The announcement about OLPC 2.0 being an ebook reader has, um, re-kindled discussion over the role of ebooks. In particular, the question keeps coming up: where will the ebooks come from to put on these readers?

Some, no doubt, will come out of the traditional publishing industry. Amazon’s Kindle, more than anything else, has demonstrated that publishers are willing to try ebooks. However, so long as publishing is focused on a lifetime-of-lockdown, imposed scarcity model through DRM, traditional publisher ebooks will remain on the margin, simply due to cost.

Developing ebooks does not have to be all that expensive. Printing and shipping costs vanish, leaving marketing, editing, paying the author, and overhead. However, traditional publishers also have traditional baggage int he marketing and overhead areas: a fondness for big printed catalogs, nice offices in expensive areas, big salaries for executives, etc.

Some books will start out free and remain that way. A few will come from individual authors; more will likely come from collaborative efforts like Wikibooks. The collaborative-authorship system, in effect, is Google’s MapReduce for knowledge collection: break the work down into small enough chunks that individuals authors can do quickly for free and can then be aggregated into a larger work.
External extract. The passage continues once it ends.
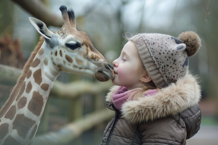 Young Child in Warm Clothing Sharing a Gentle Moment with a Giraffe at a Zoo AI Generative

Personally, I’m hoping that we can also carve a middle ground, where there is a price tag for ebooks initially that gets dropped after the book’s development is “paid off”. After all, authoring and editing the book typically is a one-time expense. Programs like Baen’s Webscription and CommonsWare’s own Warescription will be experiments in this area. The hope is that we can come up with a model where authors get paid, but there is sufficiently low additional costs that selling a modest number of ebooks to first-mover customers will finance the ebooks for the rest of the world to use non-commercially.

Regardless, I don’t think that there will be a big problem in coming up with a large catalog of ebooks, even on top of the ones already created (e.g., ebook editions of Project Gutenberg). Now what we need is what OLPC 2.0 is aiming for: a low-cost ebook reader for the masses. I wish them luck!